# PROMPT
In the material below, the lines between the one holding "La exposición que" and the one holding "OPI-projektet 'Fremtidens Psykiatriske Seng'", inclusive, are to be set down word for word. Pictures stay out.

# GIVEN INFORMATION
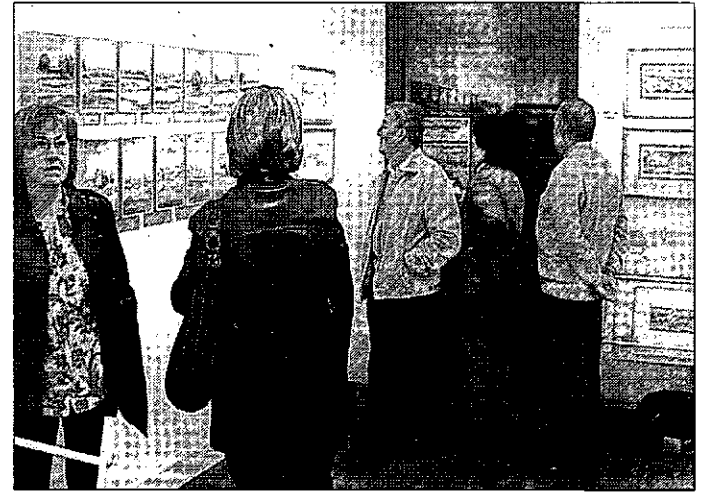
Un grupo de vecinos visitan la exposición de Vaquero.

La exposición que permanecerá en la galería Marmurán hasta el próximo mes de diciembre, permite conocer la visión que Ángel Vaquero tiene de paisajes como los anchos o las lagunas (de las que dice que ahora merece la pena visitar), una colección de horizontes que no van a decepcionar al visitante.
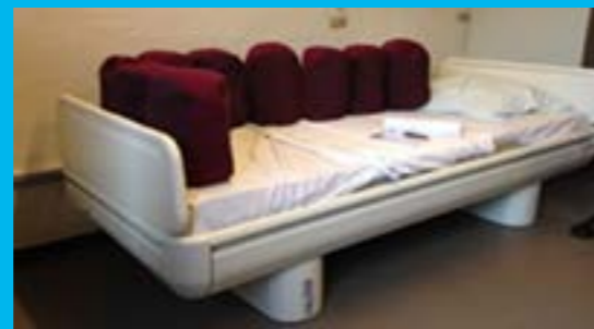
OPI-projektet 'Fremtidens Psykiatriske Seng'

Siden OPI-projektets afslutning har netværkskonsortiet vundet en udbudsrunde, 'Psykiatrien i Region Syddanmark' og 'Region Hovedstadens Psykiatri' lanceret i 2014.
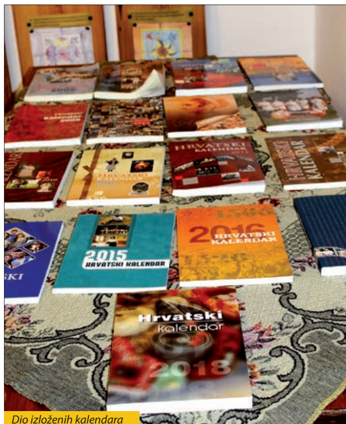
Dio izloženih kalendara
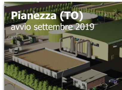
Pianezza (TO) avvio settembre 2019

Capacità trattamento FORSU 40.000 t VERDE 14.000 t Produzione biometano 3,5 mln Sm 3
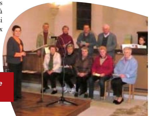
Chorale de la paroisse de Cambernon.

# TASK RESULT
La exposición que permanecerá en la galería Marmurán hasta el próximo mes de diciembre, permite conocer la visión que Ángel Vaquero tiene de paisajes como los anchos o las lagunas (de las que dice que ahora merece la pena visitar), una colección de horizontes que no van a decepcionar al visitante.
OPI-projektet 'Fremtidens Psykiatriske Seng'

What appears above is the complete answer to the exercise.